둘째, 스텐트에 형성된 코팅층이 담도 및 혈관의 병변부위를 통과하는 물질이 스텐트 내부를 통해 병변부위에 접촉하는 것을 방지할 수 있다.Second, the coating layer formed on the stent can prevent the substance passing through the lesion area of the biliary tract and blood vessels to contact the lesion site through the stent.
셋째, 스텐트에 형성된 코팅층의 접촉면이 담도 및 혈관 내벽을 지지함으로써, 신생내막이 스텐트 내부로 침투하여 발생되는 담도 및 혈관의 재협착을 방지할 수 있다.Third, by the contact surface of the coating layer formed on the stent to support the biliary tract and the blood vessel inner wall, it is possible to prevent the restenosis of the biliary duct and blood vessels generated by the neointimal penetration into the stent.
도1은 본 발명의 일실시예에 따른 스텐트와 스텐트의 단면을 나타낸 사시도이다.1 is a perspective view showing a cross section of the stent and the stent according to an embodiment of the present invention.
도2는 본 발명의 일실시예에 따른 스텐트의 제2 코팅층의 마찰 값을 측정하기 위한 ASTM D1894-14 측정장비이다.Figure 2 is an ASTM D1894-14 measuring equipment for measuring the friction value of the second coating layer of the stent according to an embodiment of the present invention.
도3은 본 발명의 일실시예에 따른 스텐트의 제2 코팅층을 형성하는 실리콘 코팅 및 기존의 실리콘 코팅의 마찰 값을 측정한 결과를 나타낸 그래프이다.Figure 3 is a graph showing the results of measuring the friction value of the silicon coating and the conventional silicon coating to form a second coating layer of the stent according to an embodiment of the present invention.
도4는 본 발명의 일실시예에 따른 스텐트의 제조방법을 나타낸 순서도이다.Figure 4 is a flow chart showing a method of manufacturing a stent in accordance with an embodiment of the present invention.
본 발명의 바람직한 실시예에 대하여 첨부된 도면을 참조하여 더 구체적으로 설명하되, 이미 주지되어진 기술적 부분에 대해서는 설명의 간결함을 위해 생략하거나 압축하기로 한다.DETAILED DESCRIPTION OF THE PREFERRED EMBODIMENTS Preferred embodiments of the present invention will be described in more detail with reference to the accompanying drawings, and the well-known technical parts will be omitted or compressed for brevity of description.

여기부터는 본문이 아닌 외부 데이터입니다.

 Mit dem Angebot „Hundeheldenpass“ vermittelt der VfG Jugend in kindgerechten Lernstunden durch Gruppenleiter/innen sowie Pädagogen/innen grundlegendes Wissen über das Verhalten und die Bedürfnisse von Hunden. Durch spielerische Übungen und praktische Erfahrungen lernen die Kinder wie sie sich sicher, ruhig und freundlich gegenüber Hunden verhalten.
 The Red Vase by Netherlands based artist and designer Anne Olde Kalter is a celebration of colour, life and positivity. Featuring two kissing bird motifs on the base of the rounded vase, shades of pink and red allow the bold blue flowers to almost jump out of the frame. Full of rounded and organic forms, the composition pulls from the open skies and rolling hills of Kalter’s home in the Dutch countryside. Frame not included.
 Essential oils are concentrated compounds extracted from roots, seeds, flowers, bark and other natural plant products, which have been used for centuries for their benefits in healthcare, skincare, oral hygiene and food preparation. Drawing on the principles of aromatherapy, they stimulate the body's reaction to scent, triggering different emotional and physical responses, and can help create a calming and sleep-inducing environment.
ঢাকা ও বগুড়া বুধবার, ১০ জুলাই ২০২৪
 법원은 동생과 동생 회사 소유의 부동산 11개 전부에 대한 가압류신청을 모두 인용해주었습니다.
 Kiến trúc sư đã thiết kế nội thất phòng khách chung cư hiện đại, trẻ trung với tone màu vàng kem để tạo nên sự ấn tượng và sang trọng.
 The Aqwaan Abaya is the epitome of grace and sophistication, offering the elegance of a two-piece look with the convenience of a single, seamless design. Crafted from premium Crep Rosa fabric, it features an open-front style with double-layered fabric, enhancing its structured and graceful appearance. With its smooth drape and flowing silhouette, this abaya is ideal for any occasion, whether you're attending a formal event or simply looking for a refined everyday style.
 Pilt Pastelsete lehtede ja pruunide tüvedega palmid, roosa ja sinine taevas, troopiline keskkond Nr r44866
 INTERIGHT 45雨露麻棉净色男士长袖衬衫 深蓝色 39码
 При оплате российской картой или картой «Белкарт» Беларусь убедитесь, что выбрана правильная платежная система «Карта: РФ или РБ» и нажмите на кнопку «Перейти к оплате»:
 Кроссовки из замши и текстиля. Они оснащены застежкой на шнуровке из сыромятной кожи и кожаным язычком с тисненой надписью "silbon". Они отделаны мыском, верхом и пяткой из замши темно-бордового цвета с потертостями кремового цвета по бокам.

도1은 본 발명의 일실시예에 따른 스텐트의 사시도이다.1 is a perspective view of a stent in accordance with an embodiment of the present invention.
본 발명의 일실시예에 따른 스텐트(100)는 스텐트 본체(110), 제1 코팅층(120), 제2 코팅층(130)을 포함할 수 있다.The stent 100 according to an embodiment of the present invention may include the stent body 110, the first coating layer 120, and the second coating layer 130.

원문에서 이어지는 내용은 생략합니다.